# [WORK TASK]
What follows are records. Restate all of them word for word.

# [DATASET RECORDS]
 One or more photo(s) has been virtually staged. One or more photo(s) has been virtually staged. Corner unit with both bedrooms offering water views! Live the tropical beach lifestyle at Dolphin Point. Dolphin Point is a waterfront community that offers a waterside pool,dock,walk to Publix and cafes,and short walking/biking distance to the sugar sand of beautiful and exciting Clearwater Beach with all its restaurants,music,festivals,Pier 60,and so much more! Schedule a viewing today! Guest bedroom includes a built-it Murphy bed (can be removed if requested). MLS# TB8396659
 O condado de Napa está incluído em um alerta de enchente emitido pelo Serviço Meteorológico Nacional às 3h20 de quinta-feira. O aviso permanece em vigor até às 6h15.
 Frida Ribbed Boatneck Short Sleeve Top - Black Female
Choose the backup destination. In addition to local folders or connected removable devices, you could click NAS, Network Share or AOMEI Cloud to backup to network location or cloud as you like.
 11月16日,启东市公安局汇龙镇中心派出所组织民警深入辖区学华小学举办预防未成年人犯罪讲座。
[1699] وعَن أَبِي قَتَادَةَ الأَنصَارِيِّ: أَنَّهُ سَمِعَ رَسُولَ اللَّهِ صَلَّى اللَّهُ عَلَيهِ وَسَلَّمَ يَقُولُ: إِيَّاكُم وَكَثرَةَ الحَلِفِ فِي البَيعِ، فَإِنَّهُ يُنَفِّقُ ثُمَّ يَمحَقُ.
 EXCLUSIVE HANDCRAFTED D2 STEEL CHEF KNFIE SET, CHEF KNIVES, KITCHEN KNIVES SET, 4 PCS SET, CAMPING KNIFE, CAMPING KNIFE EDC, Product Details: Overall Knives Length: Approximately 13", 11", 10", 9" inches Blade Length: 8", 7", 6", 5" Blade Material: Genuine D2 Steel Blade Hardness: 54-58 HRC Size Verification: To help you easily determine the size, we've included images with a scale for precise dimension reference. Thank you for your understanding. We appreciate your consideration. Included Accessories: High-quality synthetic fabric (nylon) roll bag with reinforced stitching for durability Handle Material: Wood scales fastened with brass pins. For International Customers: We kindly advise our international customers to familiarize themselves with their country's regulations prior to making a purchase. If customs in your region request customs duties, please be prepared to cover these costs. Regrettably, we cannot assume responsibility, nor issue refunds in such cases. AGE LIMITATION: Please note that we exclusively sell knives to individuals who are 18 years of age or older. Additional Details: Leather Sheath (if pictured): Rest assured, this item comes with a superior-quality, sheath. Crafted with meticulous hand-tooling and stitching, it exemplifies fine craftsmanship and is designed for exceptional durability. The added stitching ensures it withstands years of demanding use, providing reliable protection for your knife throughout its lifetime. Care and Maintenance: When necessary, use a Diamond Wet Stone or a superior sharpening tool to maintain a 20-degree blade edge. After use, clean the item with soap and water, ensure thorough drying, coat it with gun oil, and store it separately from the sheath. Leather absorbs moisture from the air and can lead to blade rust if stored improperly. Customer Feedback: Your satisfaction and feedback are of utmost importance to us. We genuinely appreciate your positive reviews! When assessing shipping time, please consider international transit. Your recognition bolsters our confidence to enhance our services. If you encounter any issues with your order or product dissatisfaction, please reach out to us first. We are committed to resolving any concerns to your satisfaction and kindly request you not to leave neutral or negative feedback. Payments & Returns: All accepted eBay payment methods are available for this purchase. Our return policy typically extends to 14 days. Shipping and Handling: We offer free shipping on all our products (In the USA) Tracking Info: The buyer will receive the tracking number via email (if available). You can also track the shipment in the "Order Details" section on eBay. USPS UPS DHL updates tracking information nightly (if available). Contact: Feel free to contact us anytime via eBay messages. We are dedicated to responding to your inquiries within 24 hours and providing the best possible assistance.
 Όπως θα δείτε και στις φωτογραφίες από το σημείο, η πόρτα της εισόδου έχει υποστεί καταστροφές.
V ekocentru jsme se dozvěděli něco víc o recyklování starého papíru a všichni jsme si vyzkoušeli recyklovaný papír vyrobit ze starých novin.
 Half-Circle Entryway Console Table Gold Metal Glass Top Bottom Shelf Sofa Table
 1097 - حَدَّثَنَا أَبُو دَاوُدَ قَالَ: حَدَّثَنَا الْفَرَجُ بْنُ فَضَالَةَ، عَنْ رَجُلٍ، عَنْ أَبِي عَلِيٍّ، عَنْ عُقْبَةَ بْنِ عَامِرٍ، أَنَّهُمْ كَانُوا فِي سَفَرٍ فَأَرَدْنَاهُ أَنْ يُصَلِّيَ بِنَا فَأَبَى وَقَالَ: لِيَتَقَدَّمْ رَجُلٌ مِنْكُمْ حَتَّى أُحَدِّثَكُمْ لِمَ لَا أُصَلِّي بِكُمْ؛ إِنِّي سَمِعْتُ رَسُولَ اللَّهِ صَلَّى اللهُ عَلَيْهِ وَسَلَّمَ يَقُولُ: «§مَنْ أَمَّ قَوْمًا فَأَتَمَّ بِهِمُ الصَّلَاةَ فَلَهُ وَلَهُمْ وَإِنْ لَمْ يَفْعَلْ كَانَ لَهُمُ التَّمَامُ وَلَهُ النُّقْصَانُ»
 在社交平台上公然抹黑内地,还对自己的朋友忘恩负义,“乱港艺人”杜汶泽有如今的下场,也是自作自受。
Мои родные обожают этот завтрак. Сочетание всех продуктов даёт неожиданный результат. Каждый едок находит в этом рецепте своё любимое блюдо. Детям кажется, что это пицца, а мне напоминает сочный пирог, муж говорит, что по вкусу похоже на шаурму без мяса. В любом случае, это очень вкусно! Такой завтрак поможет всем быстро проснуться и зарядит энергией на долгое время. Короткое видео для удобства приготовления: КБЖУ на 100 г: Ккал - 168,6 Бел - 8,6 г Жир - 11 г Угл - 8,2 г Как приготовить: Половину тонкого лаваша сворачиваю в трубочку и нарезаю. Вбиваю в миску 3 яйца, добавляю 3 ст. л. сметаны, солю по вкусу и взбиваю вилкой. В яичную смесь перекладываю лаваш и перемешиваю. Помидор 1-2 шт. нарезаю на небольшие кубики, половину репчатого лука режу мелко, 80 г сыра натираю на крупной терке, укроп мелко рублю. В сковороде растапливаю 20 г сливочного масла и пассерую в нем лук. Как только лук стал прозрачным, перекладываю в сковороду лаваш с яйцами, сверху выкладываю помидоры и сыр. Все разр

# [SOLUTION TO THE EXERCISE]
 One or more photo(s) has been virtually staged. One or more photo(s) has been virtually staged. Corner unit with both bedrooms offering water views! Live the tropical beach lifestyle at Dolphin Point. Dolphin Point is a waterfront community that offers a waterside pool,dock,walk to Publix and cafes,and short walking/biking distance to the sugar sand of beautiful and exciting Clearwater Beach with all its restaurants,music,festivals,Pier 60,and so much more! Schedule a viewing today! Guest bedroom includes a built-it Murphy bed (can be removed if requested). MLS# TB8396659
 O condado de Napa está incluído em um alerta de enchente emitido pelo Serviço Meteorológico Nacional às 3h20 de quinta-feira. O aviso permanece em vigor até às 6h15.
 Frida Ribbed Boatneck Short Sleeve Top - Black Female
Choose the backup destination. In addition to local folders or connected removable devices, you could click NAS, Network Share or AOMEI Cloud to backup to network location or cloud as you like.
 11月16日,启东市公安局汇龙镇中心派出所组织民警深入辖区学华小学举办预防未成年人犯罪讲座。
[1699] وعَن أَبِي قَتَادَةَ الأَنصَارِيِّ: أَنَّهُ سَمِعَ رَسُولَ اللَّهِ صَلَّى اللَّهُ عَلَيهِ وَسَلَّمَ يَقُولُ: إِيَّاكُم وَكَثرَةَ الحَلِفِ فِي البَيعِ، فَإِنَّهُ يُنَفِّقُ ثُمَّ يَمحَقُ.
 EXCLUSIVE HANDCRAFTED D2 STEEL CHEF KNFIE SET, CHEF KNIVES, KITCHEN KNIVES SET, 4 PCS SET, CAMPING KNIFE, CAMPING KNIFE EDC, Product Details: Overall Knives Length: Approximately 13", 11", 10", 9" inches Blade Length: 8", 7", 6", 5" Blade Material: Genuine D2 Steel Blade Hardness: 54-58 HRC Size Verification: To help you easily determine the size, we've included images with a scale for precise dimension reference. Thank you for your understanding. We appreciate your consideration. Included Accessories: High-quality synthetic fabric (nylon) roll bag with reinforced stitching for durability Handle Material: Wood scales fastened with brass pins. For International Customers: We kindly advise our international customers to familiarize themselves with their country's regulations prior to making a purchase. If customs in your region request customs duties, please be prepared to cover these costs. Regrettably, we cannot assume responsibility, nor issue refunds in such cases. AGE LIMITATION: Please note that we exclusively sell knives to individuals who are 18 years of age or older. Additional Details: Leather Sheath (if pictured): Rest assured, this item comes with a superior-quality, sheath. Crafted with meticulous hand-tooling and stitching, it exemplifies fine craftsmanship and is designed for exceptional durability. The added stitching ensures it withstands years of demanding use, providing reliable protection for your knife throughout its lifetime. Care and Maintenance: When necessary, use a Diamond Wet Stone or a superior sharpening tool to maintain a 20-degree blade edge. After use, clean the item with soap and water, ensure thorough drying, coat it with gun oil, and store it separately from the sheath. Leather absorbs moisture from the air and can lead to blade rust if stored improperly. Customer Feedback: Your satisfaction and feedback are of utmost importance to us. We genuinely appreciate your positive reviews! When assessing shipping time, please consider international transit. Your recognition bolsters our confidence to enhance our services. If you encounter any issues with your order or product dissatisfaction, please reach out to us first. We are committed to resolving any concerns to your satisfaction and kindly request you not to leave neutral or negative feedback. Payments & Returns: All accepted eBay payment methods are available for this purchase. Our return policy typically extends to 14 days. Shipping and Handling: We offer free shipping on all our products (In the USA) Tracking Info: The buyer will receive the tracking number via email (if available). You can also track the shipment in the "Order Details" section on eBay. USPS UPS DHL updates tracking information nightly (if available). Contact: Feel free to contact us anytime via eBay messages. We are dedicated to responding to your inquiries within 24 hours and providing the best possible assistance.
 Όπως θα δείτε και στις φωτογραφίες από το σημείο, η πόρτα της εισόδου έχει υποστεί καταστροφές.
V ekocentru jsme se dozvěděli něco víc o recyklování starého papíru a všichni jsme si vyzkoušeli recyklovaný papír vyrobit ze starých novin.
 Half-Circle Entryway Console Table Gold Metal Glass Top Bottom Shelf Sofa Table
 1097 - حَدَّثَنَا أَبُو دَاوُدَ قَالَ: حَدَّثَنَا الْفَرَجُ بْنُ فَضَالَةَ، عَنْ رَجُلٍ، عَنْ أَبِي عَلِيٍّ، عَنْ عُقْبَةَ بْنِ عَامِرٍ، أَنَّهُمْ كَانُوا فِي سَفَرٍ فَأَرَدْنَاهُ أَنْ يُصَلِّيَ بِنَا فَأَبَى وَقَالَ: لِيَتَقَدَّمْ رَجُلٌ مِنْكُمْ حَتَّى أُحَدِّثَكُمْ لِمَ لَا أُصَلِّي بِكُمْ؛ إِنِّي سَمِعْتُ رَسُولَ اللَّهِ صَلَّى اللهُ عَلَيْهِ وَسَلَّمَ يَقُولُ: «§مَنْ أَمَّ قَوْمًا فَأَتَمَّ بِهِمُ الصَّلَاةَ فَلَهُ وَلَهُمْ وَإِنْ لَمْ يَفْعَلْ كَانَ لَهُمُ التَّمَامُ وَلَهُ النُّقْصَانُ»
 在社交平台上公然抹黑内地,还对自己的朋友忘恩负义,“乱港艺人”杜汶泽有如今的下场,也是自作自受。
Мои родные обожают этот завтрак. Сочетание всех продуктов даёт неожиданный результат. Каждый едок находит в этом рецепте своё любимое блюдо. Детям кажется, что это пицца, а мне напоминает сочный пирог, муж говорит, что по вкусу похоже на шаурму без мяса. В любом случае, это очень вкусно! Такой завтрак поможет всем быстро проснуться и зарядит энергией на долгое время. Короткое видео для удобства приготовления: КБЖУ на 100 г: Ккал - 168,6 Бел - 8,6 г Жир - 11 г Угл - 8,2 г Как приготовить: Половину тонкого лаваша сворачиваю в трубочку и нарезаю. Вбиваю в миску 3 яйца, добавляю 3 ст. л. сметаны, солю по вкусу и взбиваю вилкой. В яичную смесь перекладываю лаваш и перемешиваю. Помидор 1-2 шт. нарезаю на небольшие кубики, половину репчатого лука режу мелко, 80 г сыра натираю на крупной терке, укроп мелко рублю. В сковороде растапливаю 20 г сливочного масла и пассерую в нем лук. Как только лук стал прозрачным, перекладываю в сковороду лаваш с яйцами, сверху выкладываю помидоры и сыр. Все разр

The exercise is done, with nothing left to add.